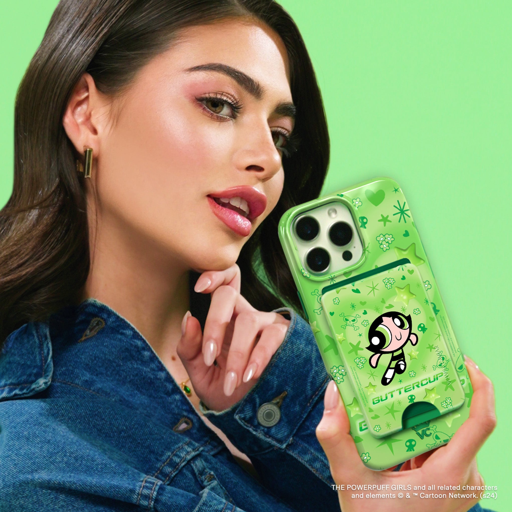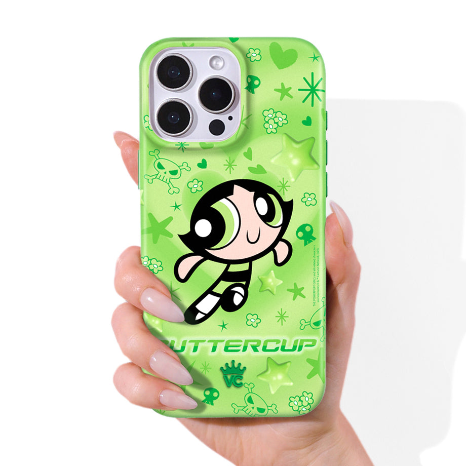 It's Buttercup! This glossy MagSafe case features Buttercup front and center with stars, skulls, and hearts sprinkled throughout all on a radiating heart background in various shades of green.
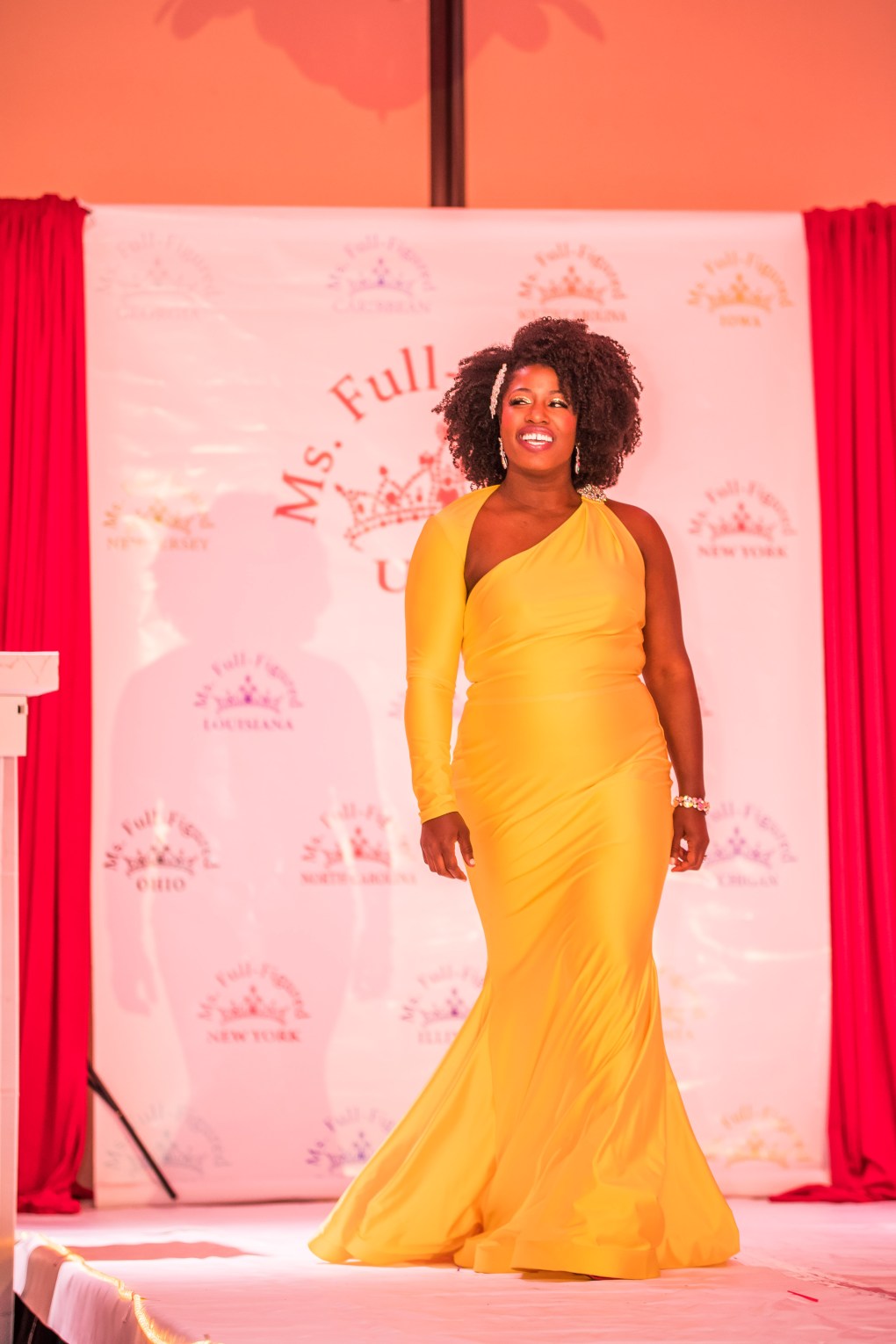 I’ve never really considered yellow the best color on me, but this gown did me all the way in. I was shocked and admittedly scared to order such an over the top color, but had to remind myself that pageants are meant for you to be over the top.
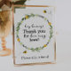 Panneau de faveur avec une couronne aquarelle de verdure et de fleurs jaunes avec des abeilles qui bourdonnent et les mots "Hey Honey, merci d'être là" dans un script amusant.
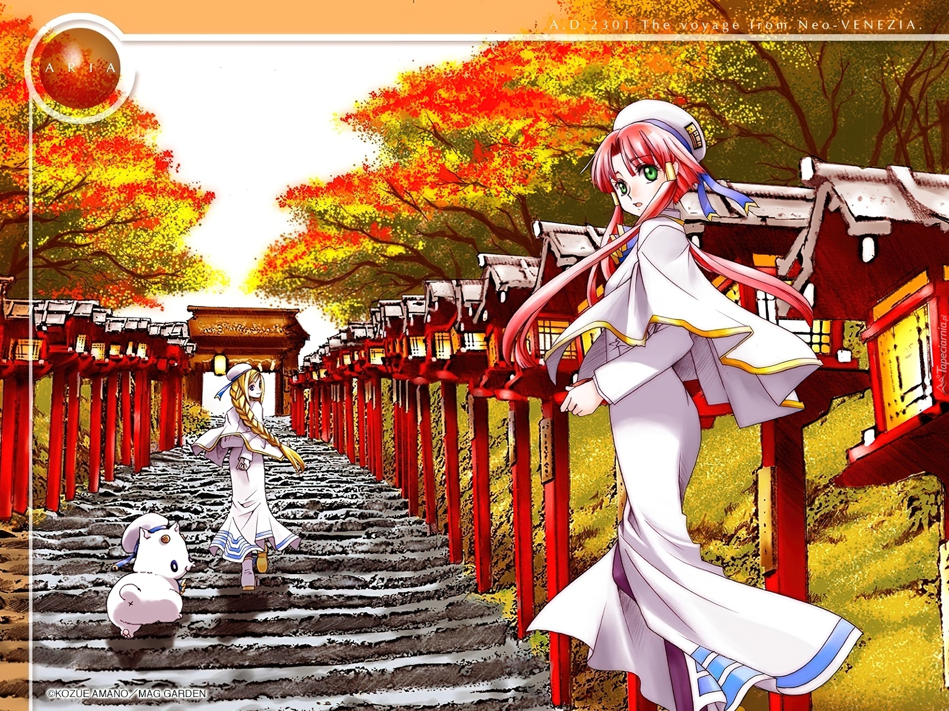 Edytor tapety: Aria, dziewczyny, schody, zwierze
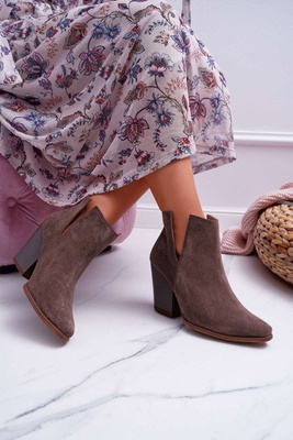 Botki Damskie Na Obcasie Wiosenne Skóra Zamsz Ciemne Cappuccino Nicole 2430
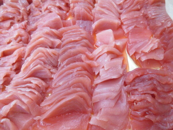 一枚一枚きれいに切り分けられたお刺身に特製のピリ辛タレを付けて、お好みで追いタレをしていただきます。
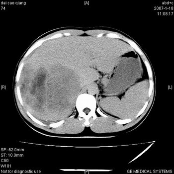 肝右叶巨大不均匀低密度肿块,前缘有假包膜,增强明显的呈快进快出表现,门脉右支有癌栓,病人虽然年轻但还是首先考虑肝右叶巨块形肝癌,病人血象高只能说有合并感染。不支持肝脓肿。
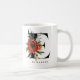 Vacker anpassningsbar monogrammugg. Den har akvarellbokstav E blomster monogram av röda anemone, vallmo och grönska. Anpassa denna monogrammugg genom att lägga till namn, datum eller meddelanden. Denna botaniska monogrammugg är perfekt som en personlig gåva.
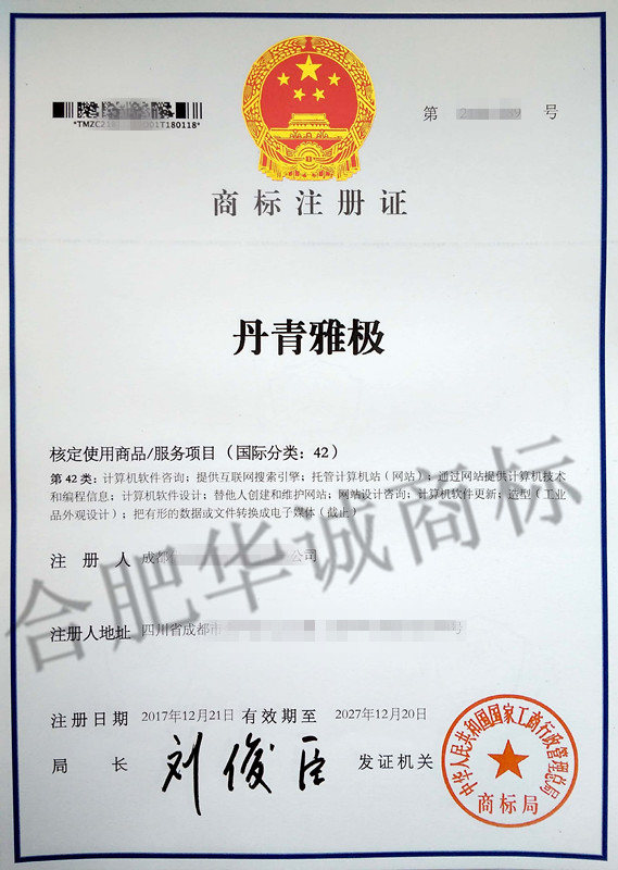 您委托我所代理商标注册申请,名称为“丹青雅极” 42类商标注册证已下达。
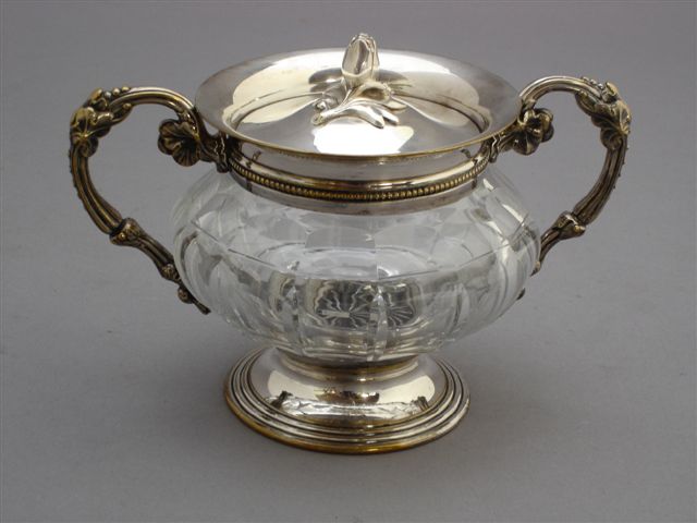 SUCRIER en bronze argenté et cristal à deux anses feuillagées. Le col décoré d'un rang de perles, la base à moulures concentriques. Le couvercle est orné d'un frételle en fruit éclaté.
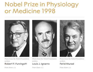Murad discovered that nitric oxide increases levels of cyclic GMP, a molecule involved in relaxing smooth muscle (e.g., in blood vessels). Murad, F., Gryglewski, R. J., Mitchell, J. A., & Moncada, S. (1977). Nitric oxide: A molecule with dual roles in the control of vascular tone. Molecular Pharmacology, 13(4), 739β748.
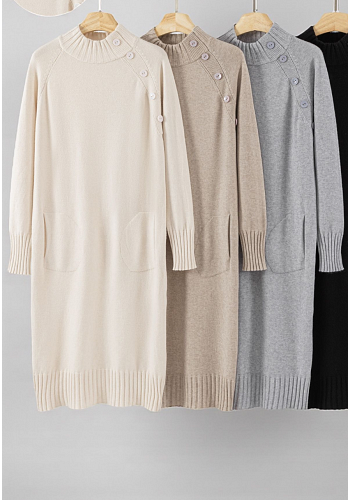 Elegant stickad klänning med dekorativa knappar längs axeln och fickor framtill. Mjuk, stretchig och varm – ett perfekt val för höst och vinter.
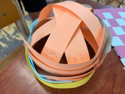 短冊状に細く切った画用紙を編んで、ぼうしやかんむりの飾りにしたり、リング状にした画用紙をつなげていき、くびかざりにしたりしました。そして、作品を見せ合ったり、着付けを手伝ったりして、みんな楽しそうに変身していました。
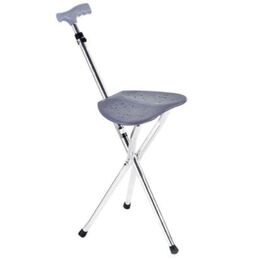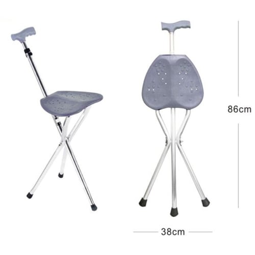 Μπαστούνι στήριξης με αναδιπλούμενο σκαμπό. Το μπαστούνι έχει 3 ποδαράκια με λαστιχένιο πώμα που παρέχουν σταθερότητα, αντιολισθητικές λαβές από μαλακό σφουγγάρι και αναδιπλούμενο σκαμπό. Το σκαμπό είναι πλαστικό, ανοίγει εύκολα αλλά σταθερά και σας ξεκουράζει σε περίπτωση πολύωρης ορθοστασίας. Εάν θέλετε να ξεκουραστείτε ενώ περπατάτε, ξεδιπλώστε το κάθισμα στο μπαστούνι και έχετε ένα τρίποδο κάθισμα. Όταν κάθεστε, η λαβή που προεξέχει πρέπει να είναι μπροστά σας. Αυτό σας επιτρέπει να κρατιέστε από κάπου ενώ κάθεστε. Επειδή το μπαστούνι είναι κατασκευασμένο από αλουμίνιο, είναι ελαφρύ, αλλά πολύ ανθεκτικό. Άνετο και εύκολο στην μεταφορά καθώς είναι ελαφρύ και πτυσσόμενο για να μην πιάνει μεγάλο όγκο. Ιδανικό δώρο για τον τον παππού και την γιαγιά, μπορούν να το χρησιμοποιήσουν στην εκκλησία, στις διακοπές, στον περίπατο, στην παραλία ή ακόμα και στις ατελείωτες ουρές των δημόσιων υπηρεσιών.
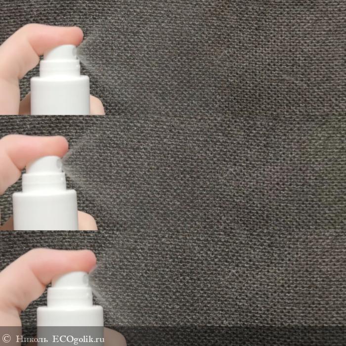 Распыление мелкодисперсное. Дозатор не бьёт струёй, не плюётся, из самого флакона спрей не вытекает. Угол распыления имеет достаточно широкий, охватывает большую область.
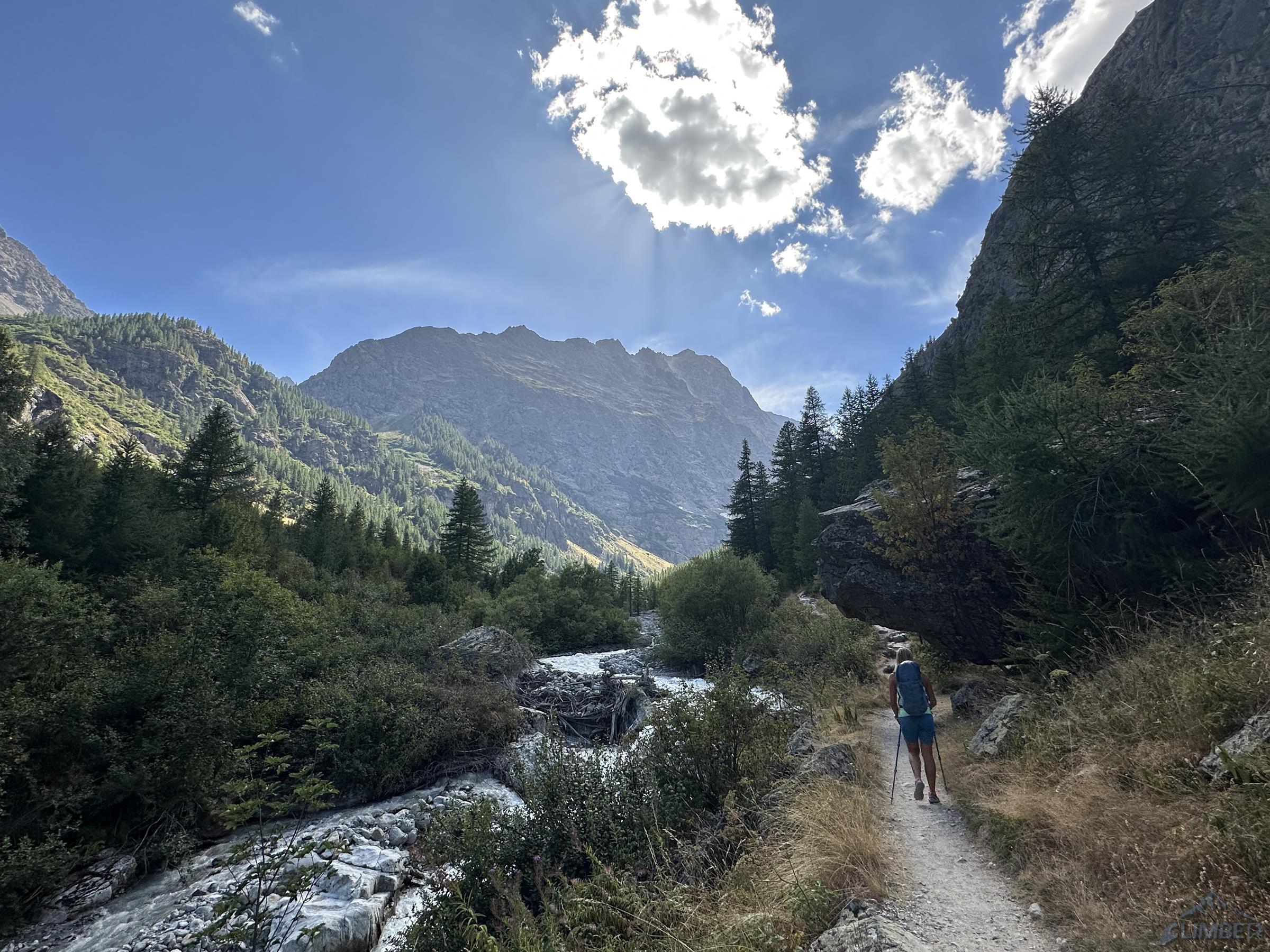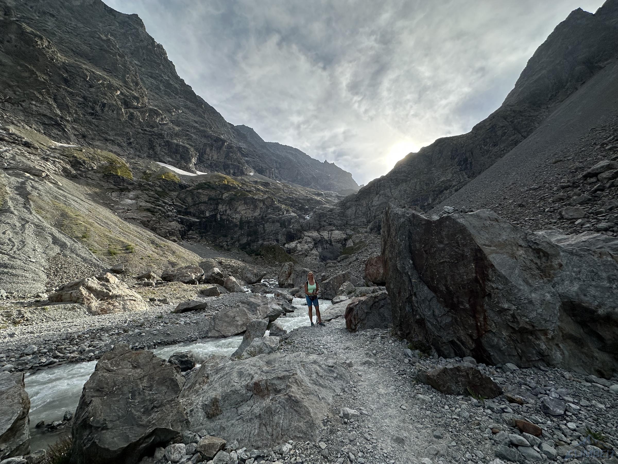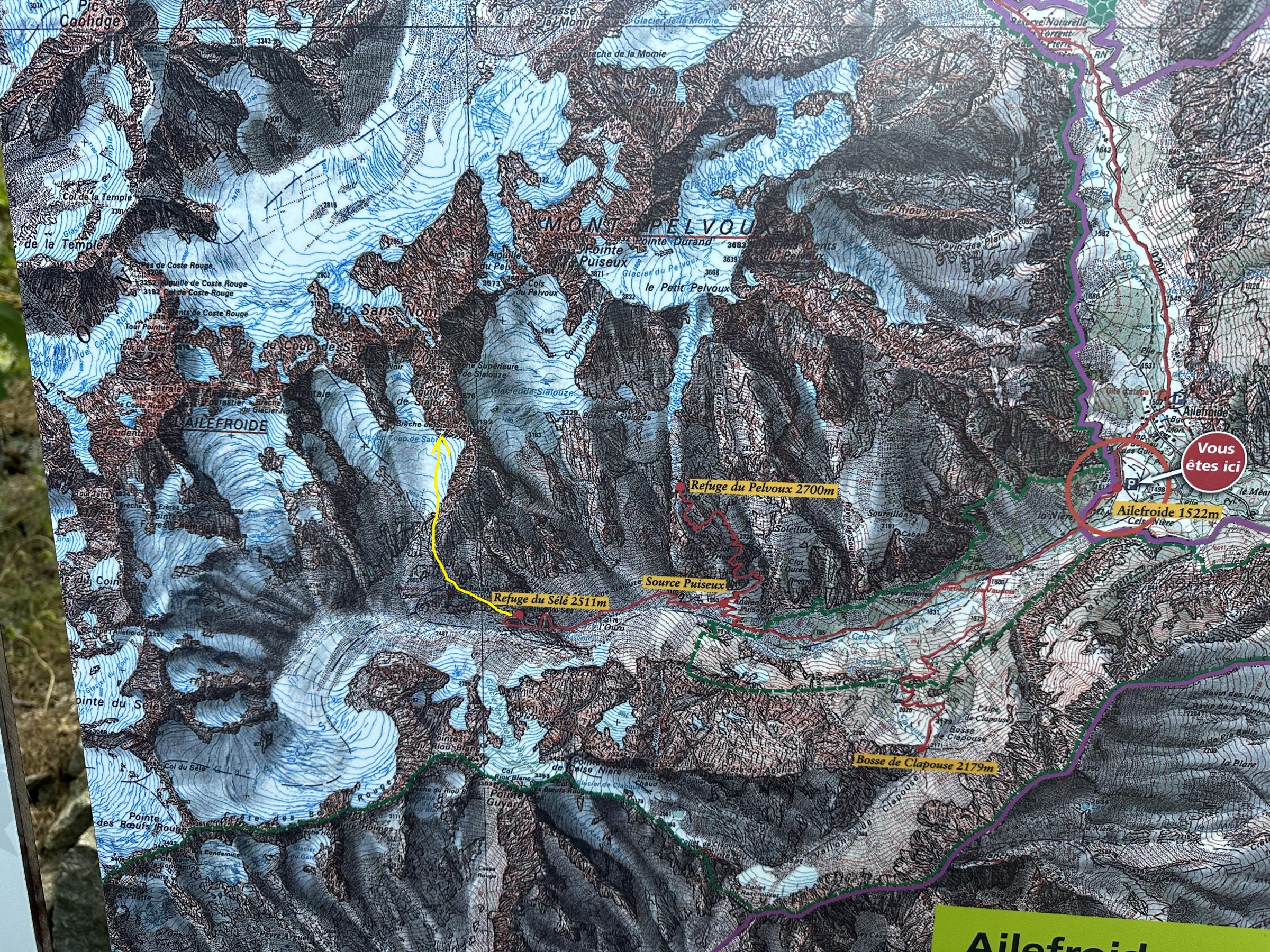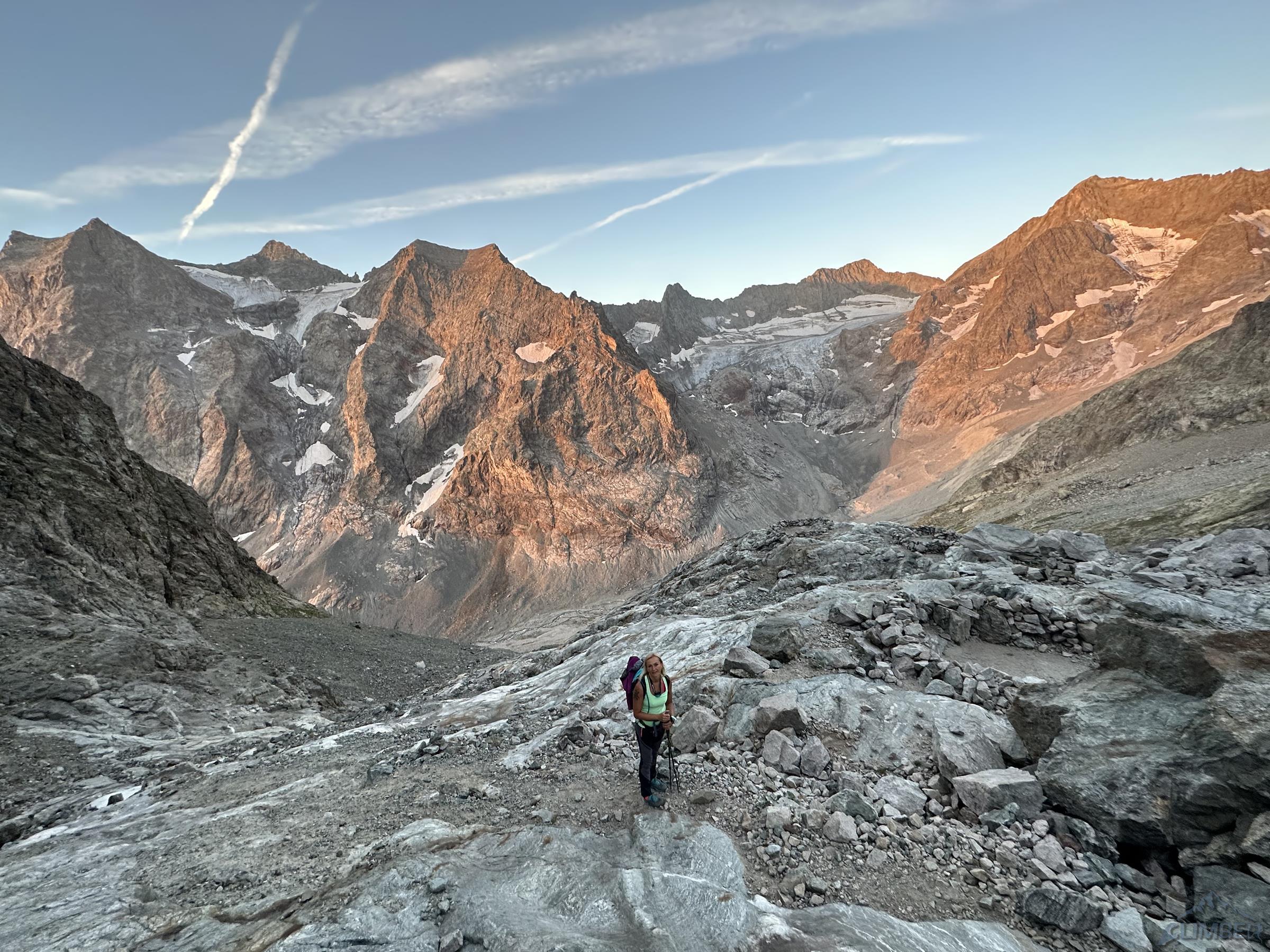 Ponieważ nasz cel położony jest dość wysoko, dzień wcześniej wieczorem podchodzimy z Ailefroide do schroniska Sélé (ok. 3h). Co ciekawe na kolacji spotykamy dwójkę mieszkającą za granicą Polaków wybierających się na jedną z okolicznych grani – Olę i Grześka. Okazuje się, że ten drugi jest fizjoterapeutą specjalizującym się w barkach, udaje mi się więc załapać na szybki zabieg i tejpowanie – to się nazywa zbieg okoliczności 😊. Następnego dnia rano pokonujemy dodatkowe półtora godziny pod ścianę i szykujemy się do wspinania – lodowca w środku lata brak, raki czy czekan są więc zbędne. Z powodu fali upałów w rejonie, ciepło jest nawet w cieniu, a gdy pojawia się Słońce (ok. 10-tej) – robi się nawet gorąco.

▶ **Try it**:
Starting at the line with "Elegant stickad klänning" and finishing at the line with "短冊状に細く切った画用紙を編", copy the material above exactly, both lines included. Nothing else goes in, and no pictures.

▶ **Completed exercise**:
 Elegant stickad klänning med dekorativa knappar längs axeln och fickor framtill. Mjuk, stretchig och varm – ett perfekt val för höst och vinter.
 短冊状に細く切った画用紙を編んで、ぼうしやかんむりの飾りにしたり、リング状にした画用紙をつなげていき、くびかざりにしたりしました。そして、作品を見せ合ったり、着付けを手伝ったりして、みんな楽しそうに変身していました。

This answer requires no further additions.